Parler de « l’inframince ». 
Parler de « l’inframince » est un des objectifs que se fixe le poète, ici Sanda Voïca dans « Exils de mon exil *». Or comment parler d’une « chose » qui n’est pas tout à fait identifiée mais qui, en tant que « chose » première, concrète, débouche sur des étendues lumineuses ? Cette « chose » n’est pas « inframince », mais elle y conduit par une explosion sous forme de rayons. La « chose » poétique, dans l’inconscient collectif des poètes, est souvent un soleil.
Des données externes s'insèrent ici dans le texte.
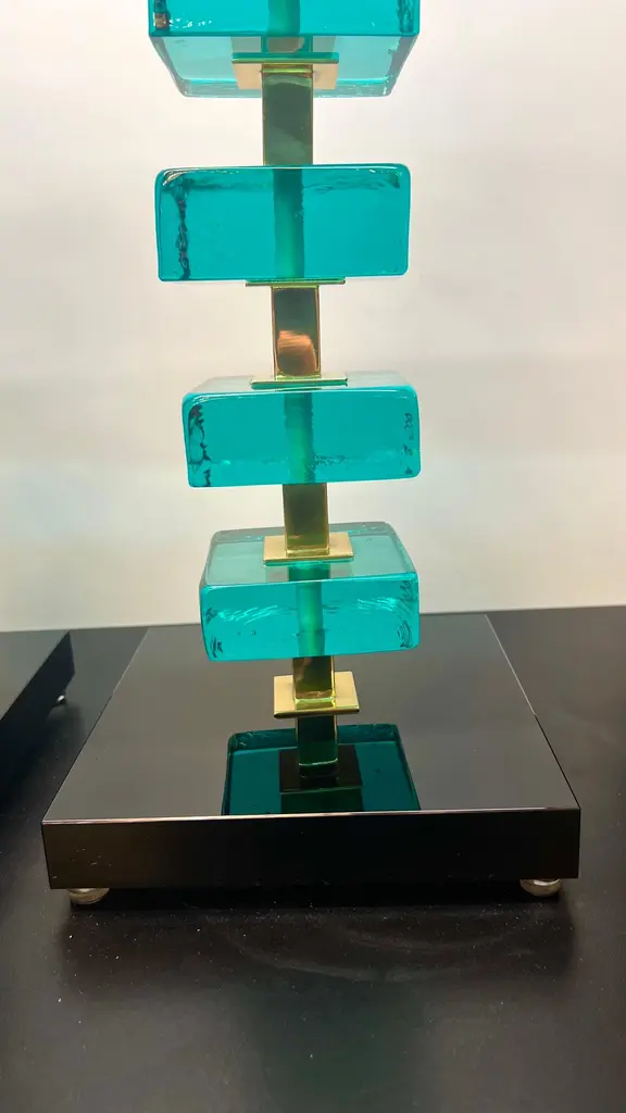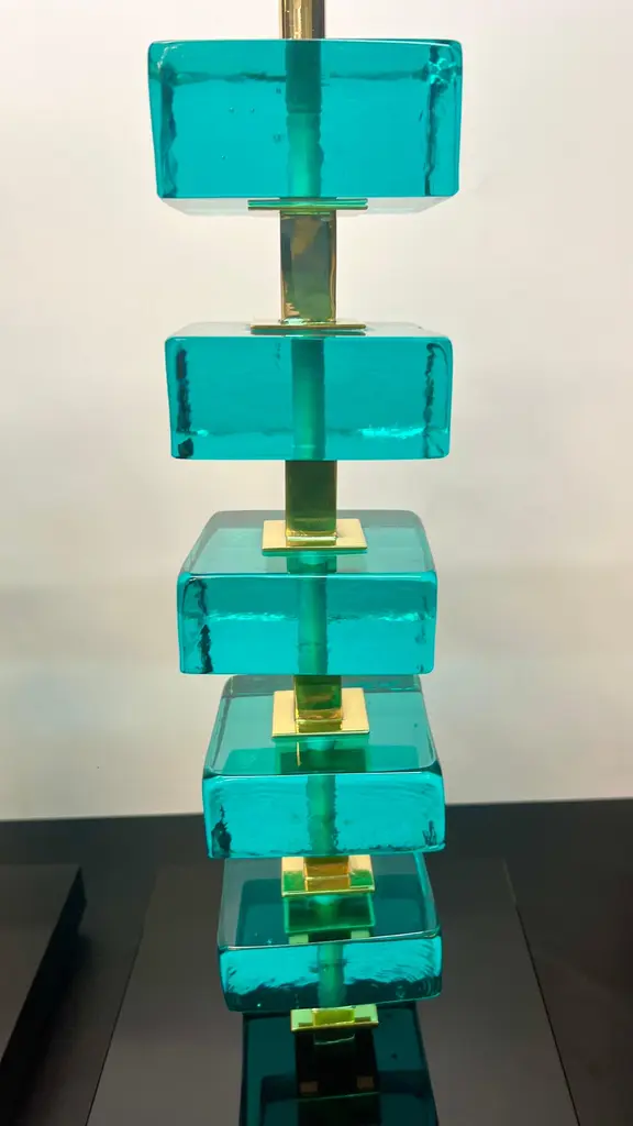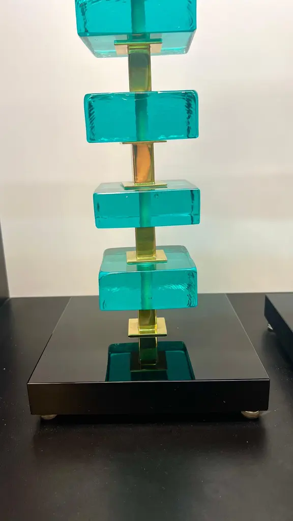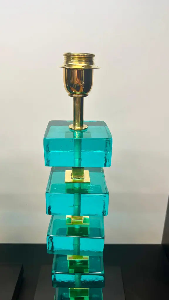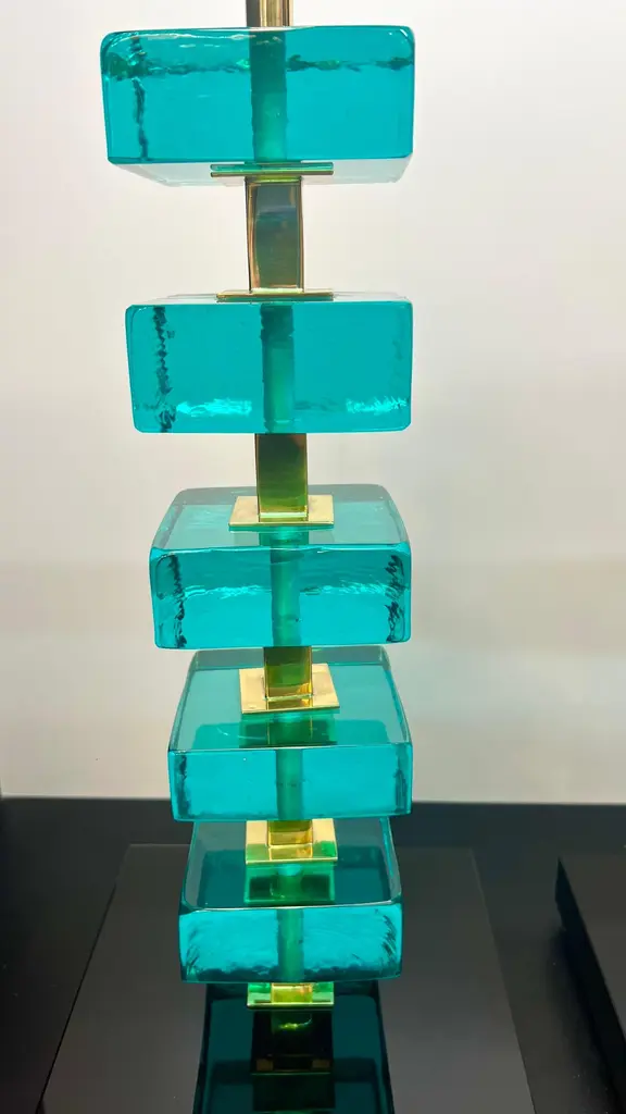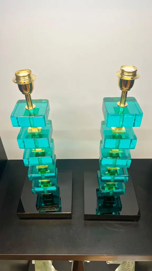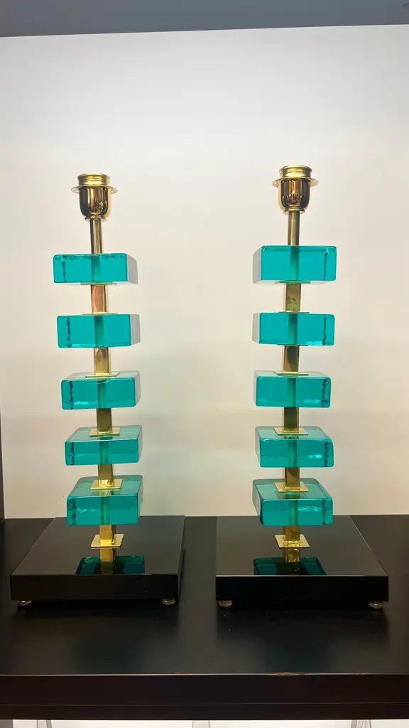 Exclusive pair of Marine Green Murano Glass table lamps with satin bronze frame.The lamp has 5 blocks of marine green color.Lamp made with great care and precision by our master glassmaker Alberto Donà of Murano.The products are entirely handmade in the Mid-Century Modern style.Project by the master glassmaker of Murano Alberto Donà in 2024.The size of the glass alone is 43cm (16.92 inches) high and 9 cm (3.54 inches) wide.The whole size of the lamp is 52cm (22.04 inches).E26/E27 bulb connection.Complexity is the hallmark of Murano glass lamps. The sheer beauty that radiates into any room is wonderful.The price of the item includes professional and tailor-made packaging.The lamps can be rewired for your country code.

Et pour preuve, on parle ici de « transparence » (vertu accordée par la lumière), du caractère furtif (celui du rayon), de « l’herbe (qui) jaunit » (la brûlure du soleil), de la « vie (qui) est une fête » (culte d’un quelconque dieu solaire)… Pourquoi alors, l’exil ? Être exilé de la « chose », du soleil, de l’impossible ? N’être qu’un rayonnement, un égaré solitaire qui ne peut rien transmettre, condamné à voir sans toucher, à se répéter ? Le caractère de l’exil serait ici celui d’être homme ou femme, solaire, et de ne pouvoir reconquérir la chose à laquelle on n’a jamais appartenue que de loin. Et ainsi, entrer dans le versant nocturne, comme pendant à ce soleil, « cette boule mouvante, visqueuse », qui nous tient toujours, dont on ne peut se libérer, et dont nous sommes condamnés à avaler les rayons, à sentir la présence. 
 
L’exil et le foyer. 
L’exil et le foyer sont les deux éléments qui jalonnent le recueil. L’exilée est marquée par un foyer lointain, qu’elle découvre et qu’elle perd aussitôt, laissant place à un « désert » où les « pierres d’églises ambulantes» sont témoins et confondues à « nos corps ». Les corps comme la pierre sont périssables, et le désert qui est le lien perdu entre l’homme et le soleil, les recueille et les laisse dans un espace à la fois intime et vacant, dépossédé mais gorgé de la plus vive lumière. Le désert, où « l’aveugle d’aujourd’hui » traîne un bonheur qui se questionne, et n’obtient pas de réponse définitive. Car aucune réponse ne peut être accordée à une exilée parasitée par une araignée tissant sa toile (« Mes larmes sont des étoiles / Et mes mots les traces des pattes / De l’araignée qui guette mon cerveau. »). Pourtant l’exilée garde à jamais l’empreinte de sa première condition (« Jamais le jour ne fut plus beau. / Même les rails montent au ciel. »). 
 
Une solitude lumineuse. 
Être une sorte de pénitent(e) du désert amène a une solitude perpétuelle (« pierre d’une église sans fin : l’exil »). Pénitent(e) de quoi ? Encore de cette chose indéfinie (« Vivre : dépendre de quelque chose / qui est hors de soi »). Mais le désert est aussi la source d’un indicible bonheur, tantôt lancinant, tantôt apaisé, ou les deux à la fois (« Suis-je ou pas / dans le désert vertical ? / Bonheur estropiant ? ». Le désert est certes la source d’une solitude, du fait de l’impossible communication avec les autres et de la raréfaction des autres, mais une solitude peuplée (« Les feuillets de mon corps / horizontaux / laissent l’air / les traverser / envahir l’espace / comme les feuillets / des autres. ». Les autres : à la fois des semblables, fruits du même désert, de la même condition, et des étrangers à soi-même (« Je suis (…) Celle qui endosse l’aveuglement des autres »). La narratrice de ce livre erre ainsi entre ciel et terre, paradis et enfer, sans pouvoir être sûre de sa condition, mais sûre du sentiment mouvant qui s’exerce sur elle. 
 
Florian Tomasini 

* C’est sur le terme « Exils » que je m’attarderai, « mon exil » faisant référence à l’exil de l’auteure de la Roumanie vers la France. Le terme « exils » a dès lors une portée plus singulière, face a un exil donné qui n’occupe pas le sujet du livre.